* Input data:
::::::::::

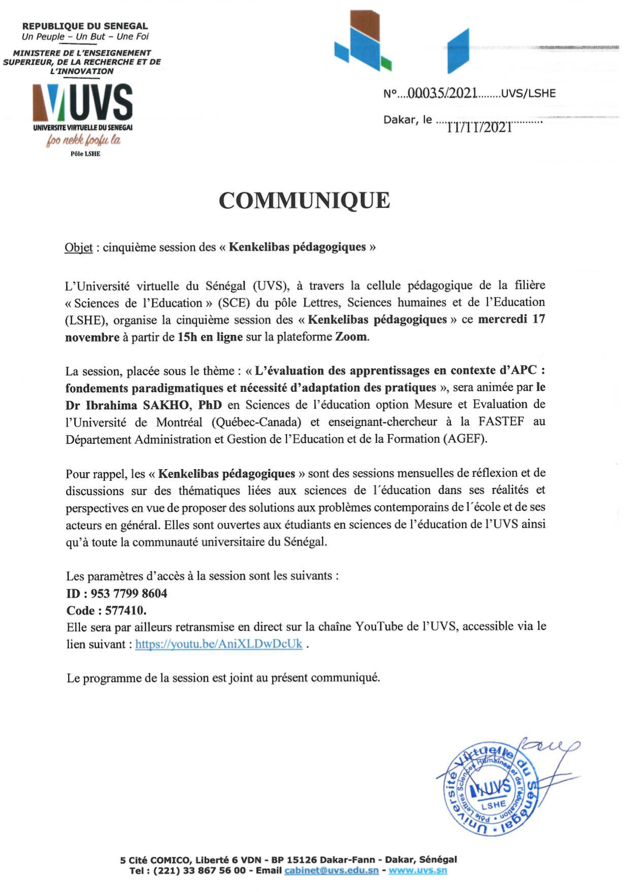 Recteur, UN-CHK Professeur titulaire en Informatique, Moussa LO est depuis novembre 2016 le Recteur de l’Université numérique Cheikh Hamidou KANE (ex- Université virtuelle du Sénégal) (www.uvs.sn). Il a, auparavant, occupé plusieurs fonctions de responsabilité à l’Université Gaston Berger de Saint-Louis (www.ugb.sn) : Vice-président de l’Assemblée de l’Université, Directeur de l’UFR de Sciences Appliquées et de Technologie. Entre 2014 et 2016, il a dirigé le Centre d’Excellence Africain en Mathématiques, Informatique et TIC (www.ceamitic.sn). De 2015 à 2018, il a codirigé le Laboratoire International de Recherche en Informatique et en Mathématiques Appliquées (lirima.inria.fr). Il a dirigé plusieurs thèses de doctorat d’informatique et est auteur de plusieurs publications scientifiques, principalement dans les domaines du web, du web sémantique et de l’ingénierie de la connaissance. Le Professeur LO est également membre fondateur et premier Président (2013-2015) de l’Association Sénégalaise des Chercheurs en Informatique (ASCII, ascii.org.sn/) Il est depuis 2021, membre titulaire de l’Académie Nationale des Sciences et Techniques du Sénégal (ansts.assistic.net) et Président du Conseil scientifique et académique du Campus franco-sénégalais (cfs.edu.sn). Il est Chevalier dans l’ordre international des Palmes académiques du CAMES (www.lecames.org/programmes/oipa ).Pr Moussa LO,
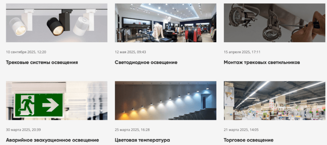 информационные — «что такое трековое освещение», «нормы освещенности».
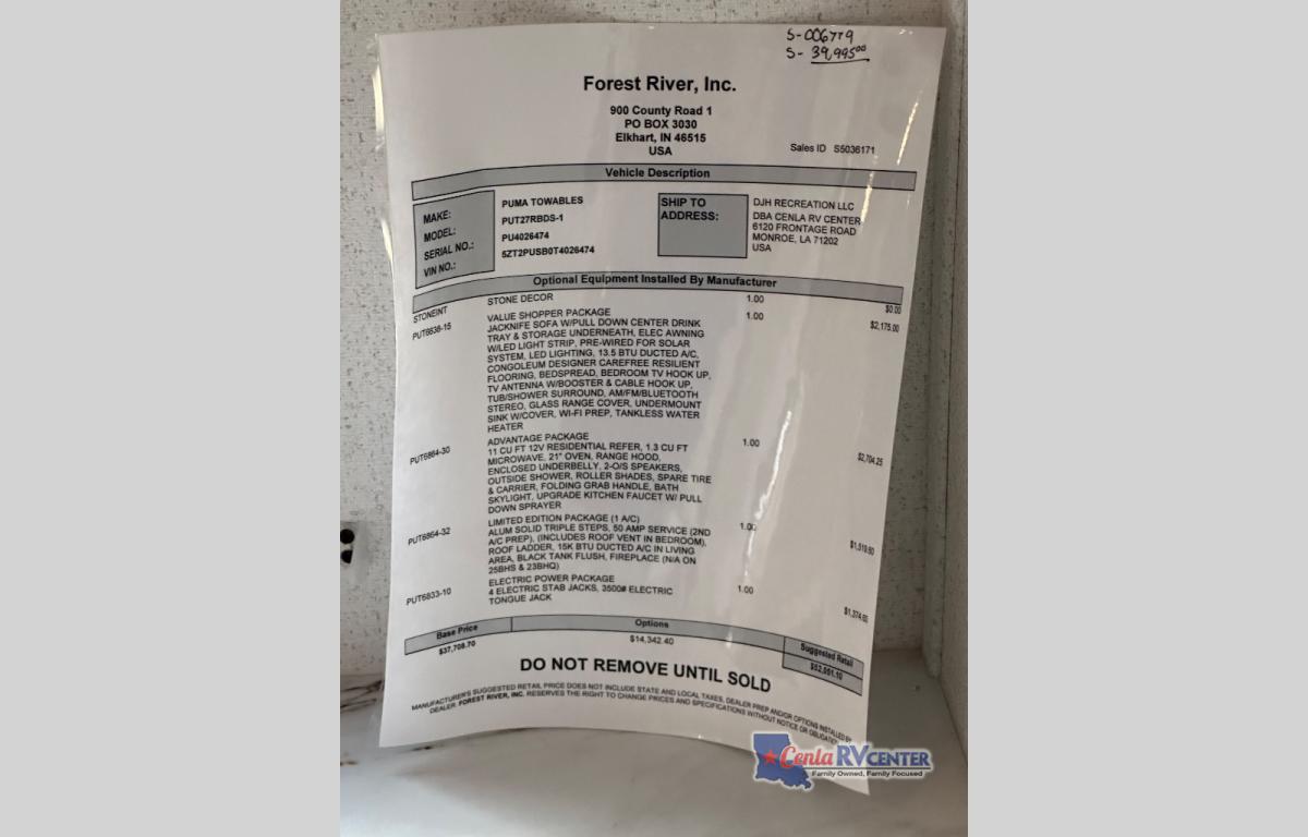 Cenla Camping Center is not responsible for any misprints, typos, or errors found in our website pages. Any price listed excludes sales tax, registration tags, and delivery fees. Manufacturer-provided pictures, specifications and features may be used as needed. Inventory shown may be only a partial listing of the entire inventory. Please contact us at 318-445-6981 for availability as our inventory changes rapidly. All calculated payments are an estimate only and do not constitute a commitment that financing or a specific interest rate or term is available.

::::::::::

* Assigned task:
What you return should be all of the material above, exactly, and none of its pictures.

* Expected answer:
 Recteur, UN-CHK Professeur titulaire en Informatique, Moussa LO est depuis novembre 2016 le Recteur de l’Université numérique Cheikh Hamidou KANE (ex- Université virtuelle du Sénégal) (www.uvs.sn). Il a, auparavant, occupé plusieurs fonctions de responsabilité à l’Université Gaston Berger de Saint-Louis (www.ugb.sn) : Vice-président de l’Assemblée de l’Université, Directeur de l’UFR de Sciences Appliquées et de Technologie. Entre 2014 et 2016, il a dirigé le Centre d’Excellence Africain en Mathématiques, Informatique et TIC (www.ceamitic.sn). De 2015 à 2018, il a codirigé le Laboratoire International de Recherche en Informatique et en Mathématiques Appliquées (lirima.inria.fr). Il a dirigé plusieurs thèses de doctorat d’informatique et est auteur de plusieurs publications scientifiques, principalement dans les domaines du web, du web sémantique et de l’ingénierie de la connaissance. Le Professeur LO est également membre fondateur et premier Président (2013-2015) de l’Association Sénégalaise des Chercheurs en Informatique (ASCII, ascii.org.sn/) Il est depuis 2021, membre titulaire de l’Académie Nationale des Sciences et Techniques du Sénégal (ansts.assistic.net) et Président du Conseil scientifique et académique du Campus franco-sénégalais (cfs.edu.sn). Il est Chevalier dans l’ordre international des Palmes académiques du CAMES (www.lecames.org/programmes/oipa ).Pr Moussa LO,
 информационные — «что такое трековое освещение», «нормы освещенности».
 Cenla Camping Center is not responsible for any misprints, typos, or errors found in our website pages. Any price listed excludes sales tax, registration tags, and delivery fees. Manufacturer-provided pictures, specifications and features may be used as needed. Inventory shown may be only a partial listing of the entire inventory. Please contact us at 318-445-6981 for availability as our inventory changes rapidly. All calculated payments are an estimate only and do not constitute a commitment that financing or a specific interest rate or term is available.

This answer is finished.